Much thanks to Jen Campbell for a copy of the book.

 

Title : Sweet Home
Author : Carys Bray
Publisher : Salt Publishing
Published : 2012
Language : English
Pages : 156
Rating : 4/5

View Comments (19)
  • Isn’t it so challenging to rate short story collections as a whole? They are almost always mixed in quality. But I find myself rating them based on their best stories, not their worst. This collection sounds intriguing.

    • Oh yes! definitely challenging. Sometimes I feel bad because I would rate individual stories much higher than the overall rating I gave for the whole book.

    • Thank you. Thats okay. Maybe you are someone who loves novels. I like short stories because they get over so fast. 🙂

  • This collection has been on my TBR list for a while and your review has reminded me I must get round to reading it soon. I love what you say about her depiction of adults as vulnerable and childlike, and the stories you mention sound intriguing.

    • Thank you. I hope you will pick a copy. I will be keen to know your thoughts on the book. 🙂 I liked the healthy mix of realistic and fairytale like stories.

  • I never know how to rate a short story collection, it is one of the hardest things one can possibly do. So I really enjoyed your review. I already want to read this book but the babies and the parenthood put me off. I may have to read this before Issy Bradley.

    • Yes! I remember your picture (or tweet?) about Issy. I have heard it is a good book. I will look forward to your thoughts on the book.

  • I’m sitting here thinking that I haven’t read a collection of short stories since I graduated from college. I always seem to migrate to novels instead. Maybe I’ll give this one a try though because you make this collection sound very good 🙂

  • Sounds like a powerful collection of short stories. I just added it to my TBR. I am looking to read more collections of short stories.

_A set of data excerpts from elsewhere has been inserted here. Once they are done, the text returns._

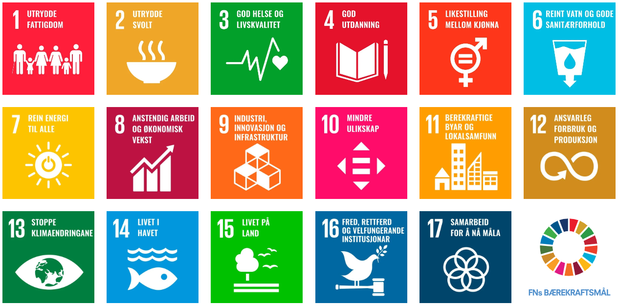 FNs Bærekraftsmål Figur 2‑2 FNs 17 mål mot bærekraftig utvikling 2030 er et forsøk på å samle verden om et sett av felles mål for en bærekraftig utvikling. En bærekraftig samfunnsutvikling er en utvikling som kan vedvare over tid uten å forringe nåværende eller kommende generasjoners muligheter. Bærekraft inkluderer både økonomiske, miljømessige og sosiale forhold. På samme måte som man må ta hensyn til flere generasjoner og samfunnsgrupper, må man planlegge på tvers av sektorer og ta hensyn til både økonomiske, miljømessige og sosiale aspekter.
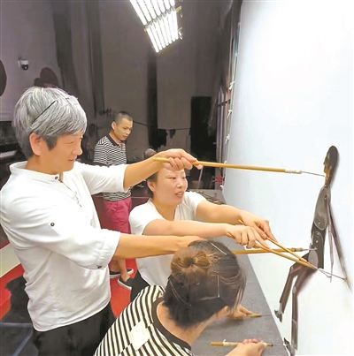 The artists in the video are Xue Hongquan, an inheritor of the intangible cultural heritage of shadow puppetry from northwest China's Shaanxi Province, and his two apprentices.
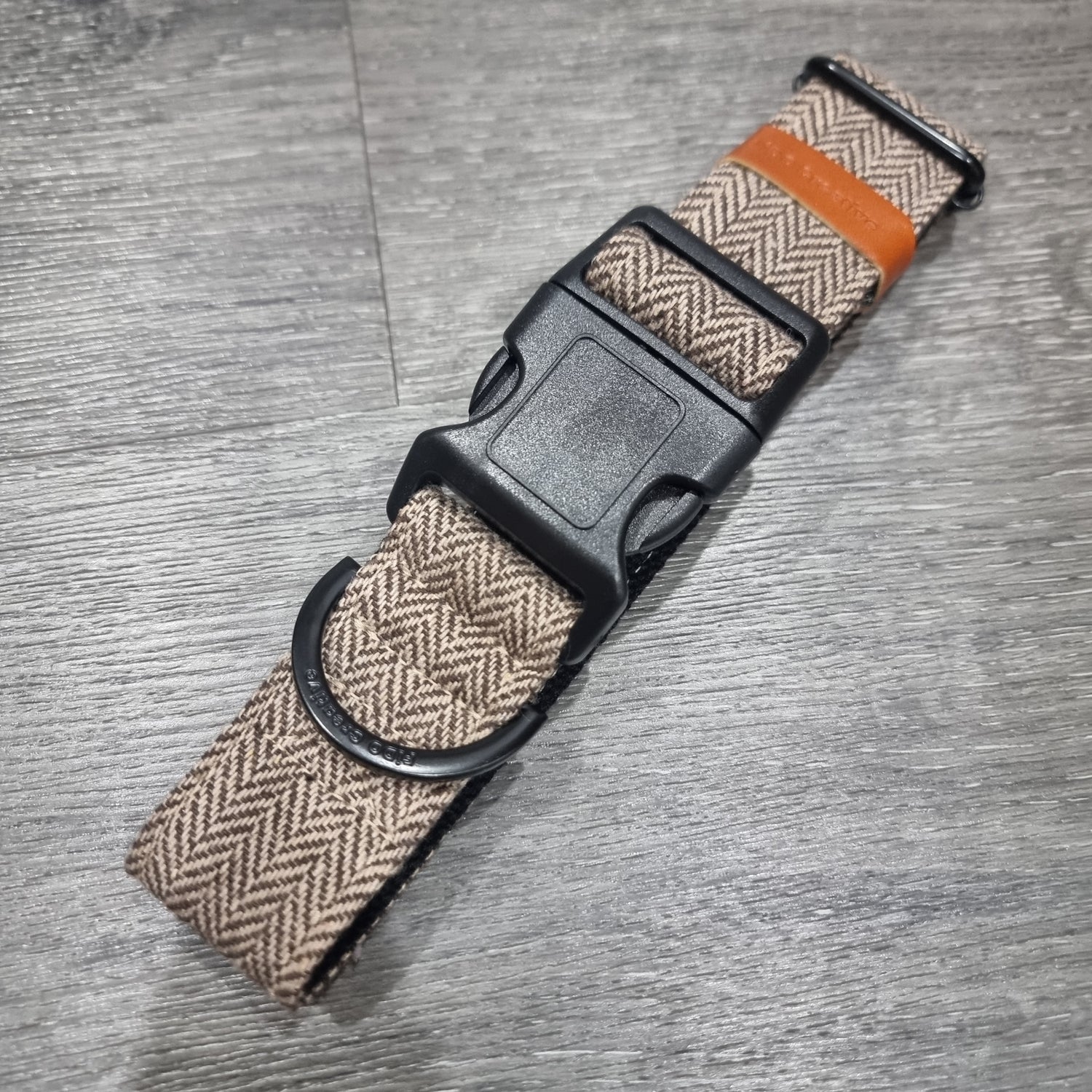 The coffee tweed Dog Collar, when your pup deserves security and style.
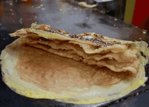 「12!」天津嫂子没看出我点单的露怯,一勺看得见颗粒的绿豆面被她们三两下推到平底锅上,金黄的鸡蛋和着葱花均匀打碎,我甚至没来得及拍一段完整的小视频。
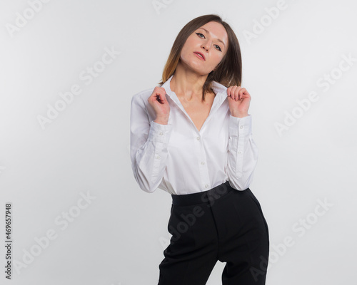 Portrait of elegantly young blond hair woman dressed in white shirt. Business woman smiling, successful looking at camera isolated on gray background. Studio shot, copy space
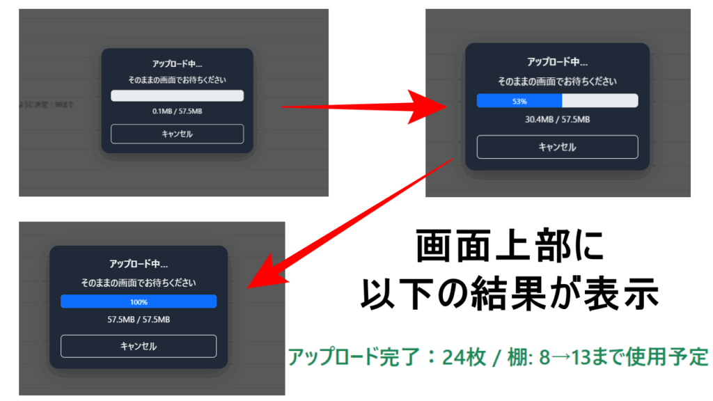 全ての情報を入れて『画像のアップロード』のボタンを押すと、アップロードが開始されます。
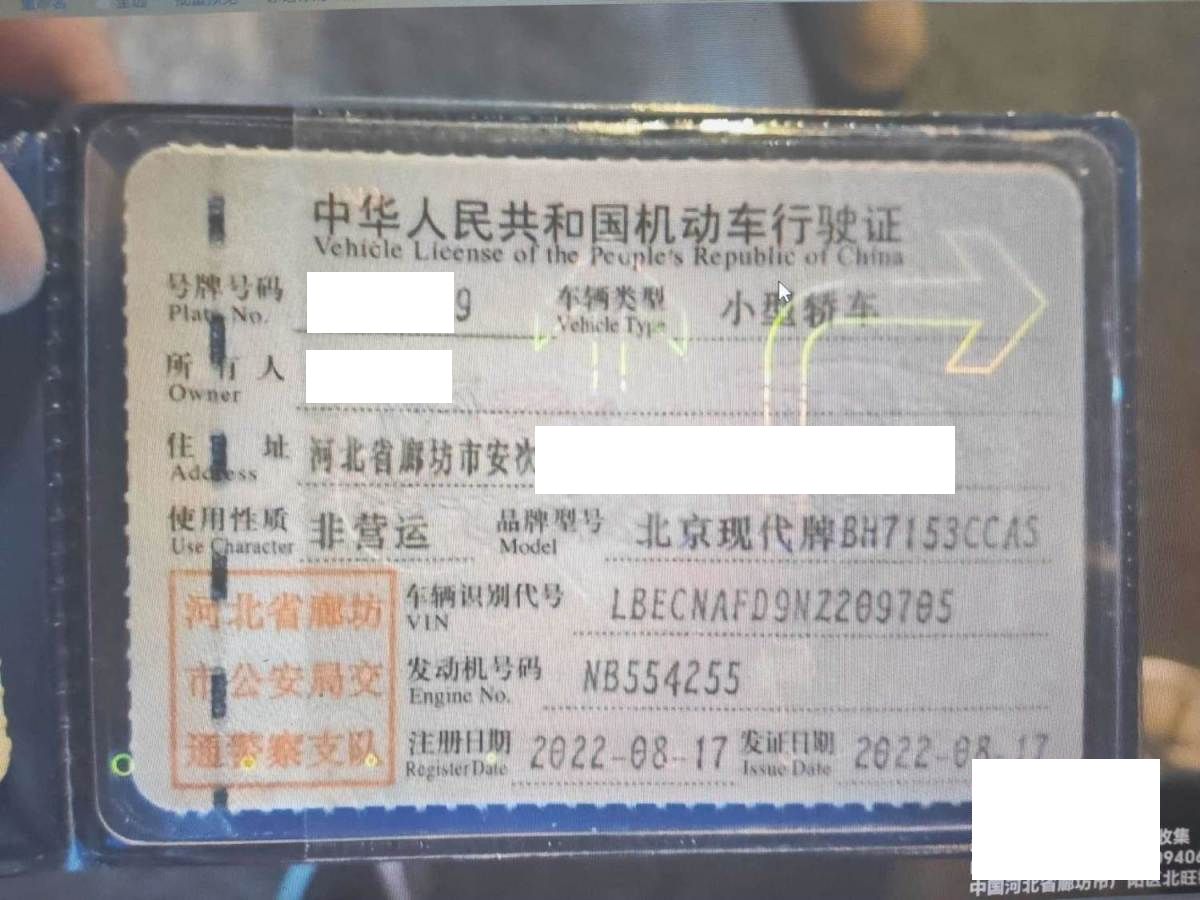 车牌号 冀****** 品牌 现代
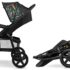 Le dossier de la poussette est réglable à partir de la position assise jusqu’à la position couchée, il est possible aussi de régler le repose-pieds. Le harnais robuste à 5 points assure la sécurité lors du trajet. Les éléments rétroréfléchissants rendent la poussette plus visible
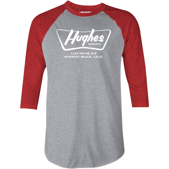 Hughes Markets - Newport Beach, CA - Vintage Grocery Store - 3/4 Sleeve Raglan T-Shirt

I appreciated your thoughts and sharing your favorite stories in the collection. I haven’t reviewed a collection before but I can see how it would be a challenge!

    • Thank you. I hope you will enjoy the read when you pick it up. 🙂 If you like slightly dark stories, this is a good choice

  • I’ve reviewed several short stories in my blog before and always find it difficult to talk about the book collectively. Thankfully I don’t use starred ratings anymore, so I don’t have to worry about that because it’s even more difficult to give a specific rating to books of short stories! There are always a few that you won’t care about or won’t like at all.
    I don’t think I’ve ever given a short story collection 5 starts either on my blog (when I used starred ratings) or on Goodreads. I don’t know why. I still enjoy many of them but there’s something about that type of writing that prevents me from going all the way to the perfect score. I think I’m just biased toward full-fledged stories and that’s not something I can easily change. Perhaps one day I will find the perfect book of short stories!
    Glad you enjoyed this one. I love the creepy cover and the themes it explore sound right up my alley.

    • Thanks Naz. yes, It is difficult to rate short story collections because we would always love some and hate same. I would give 5 stars if a collection has more than 90pct stories to my liking. But I have not found any like that. I have a few unfinished stories in the CHimamanda’s collection of short stories. I hope they will not disappoint me and I will be able to rate the collection really high. 🙂

      • I agree with you both– short story collections are hard to rate. Personally, I find it’s easier to read compilation-style collections where the stories are written by multiple authors. When I’m reading a short story collection from the same author I sometimes find that I’m applying the same lens to all the stories. That’s unjust– they should stand apart. But it’s hard for me to seperate them out in my mind when I’m reading a single book all the way through.

  • The hardest review I’ve ever written was of a short story collection. They’re so tricky because you want to review the collection as a whole, but also each story individually. There always seems to be so much to say! I love the themes behind this collection and also the mix of fantasy and realism you describe.